I think this is what you want:

public class Foo
{
    private Bar _bar;

    public int Value { get; private set; }

    public void UpdateValue(Bar bar)
    {
        // Update Value, say:
        Value++;
        // What do I put here to change bar?
        bar.UpdateValue(this);
    }

    // Bunch of methods.

}

public class Bar
{

    private List<Foo> _foos;

    public bool Value { get; private set; }

    public void UpdateValue(Foo foo)
    {
        // Update Value, say:
        Value = !Value;

        // What do I put here to change foo?
        foo.UpdateValue(this);
    }

    // A bunch of other methods.

}

But then you end up with some endless recursion.

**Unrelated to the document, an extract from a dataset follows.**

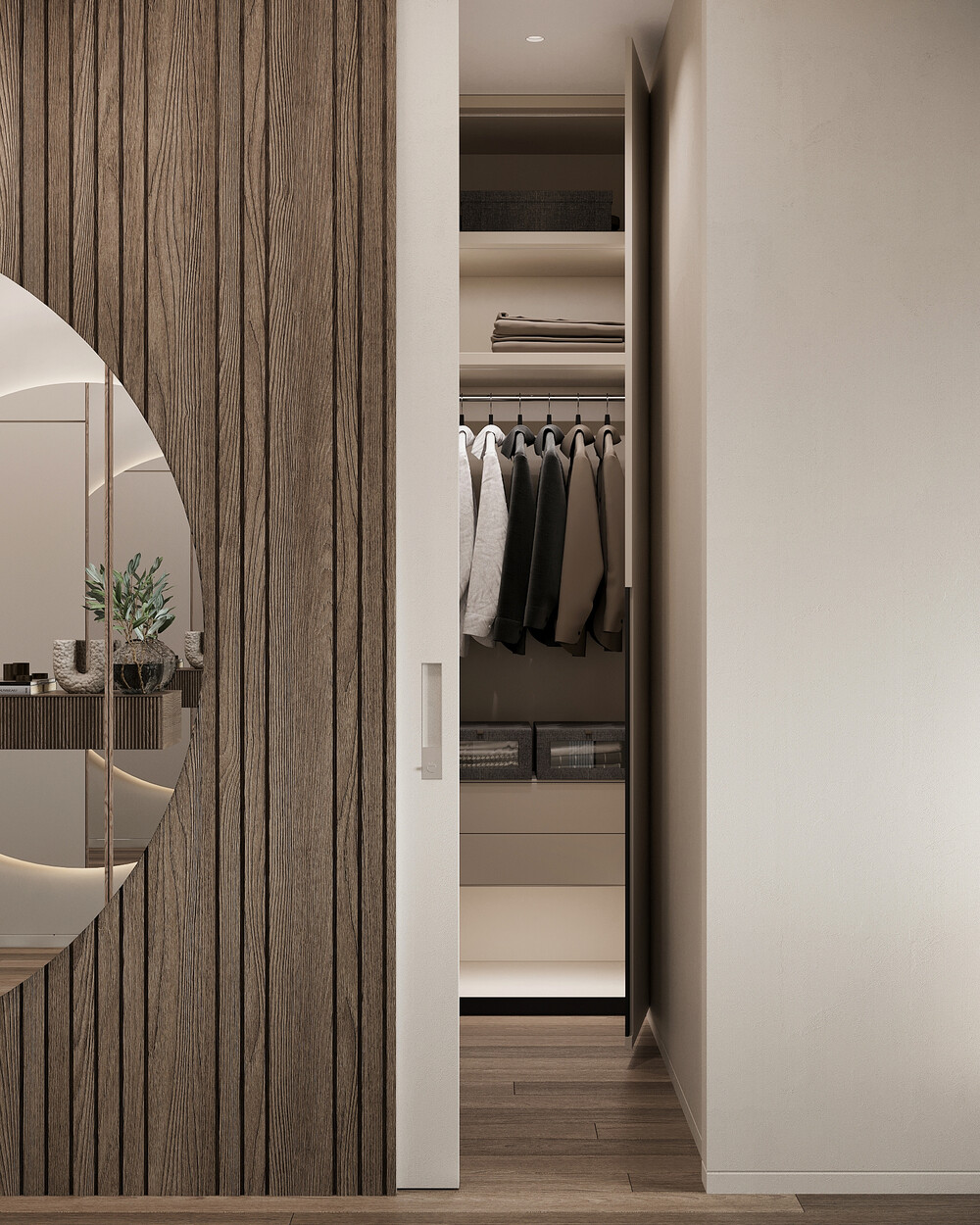 Здесь мы разместили основной объем хранения — вместительные шкафы от пола до потолка с лаконичными фасадами. Постирочную зону удалось вынести в холл, установив технику в один ряд с гардеробом за незаметной перегородкой.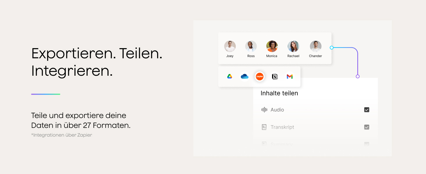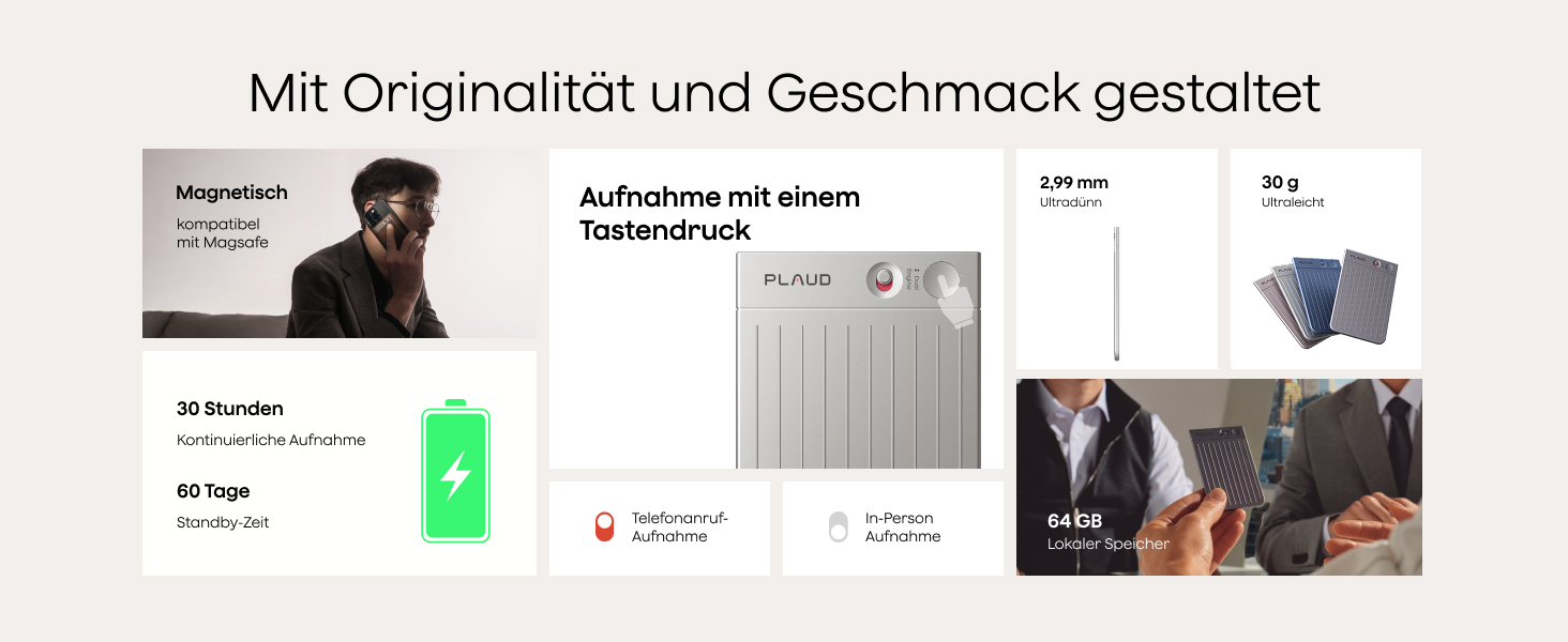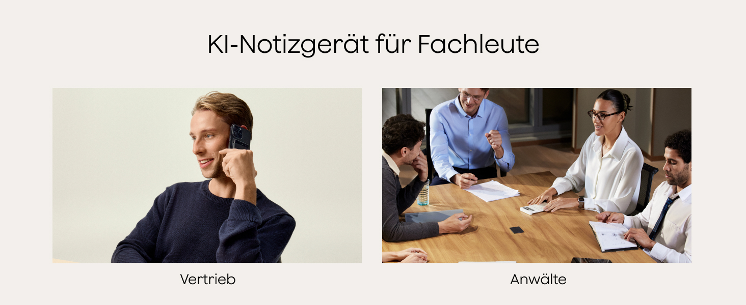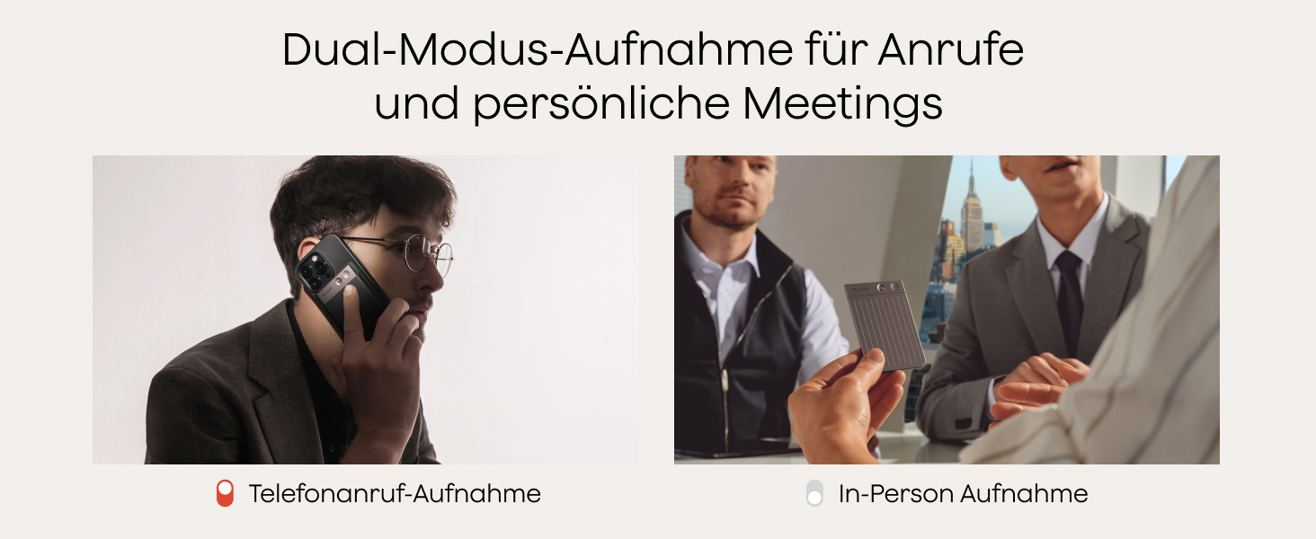 • Dual-Modus-Aufnahme: Wechsel zwischen den Aufnahmemodi für Telefonate und persönliche Gespräche, damit jedes Detail ohne Ablenkung erfasst wird.

So you need to specify a terminal condition where one update will not call the other update.

For example

    public void UpdateValue(Foo foo)
    {
        // Update Value, say:
        Value = !Value;
        if(Value) 
        {
            // What do I put here to change foo?
            foo.UpdateValue(this);
        }
    }

This will ensure an end to one method calling the other.

There just isn’t enough information in the question to understand your intent with just this code snippet.

Also, note that both Foo and Bar are classes which means references such as _bar will always point to the most up-to-date information. They don’t store a copy of Bar but point to the memory where the Bar object is defined. So there is no need to push changes around unless the state of one class depends on the state of the other.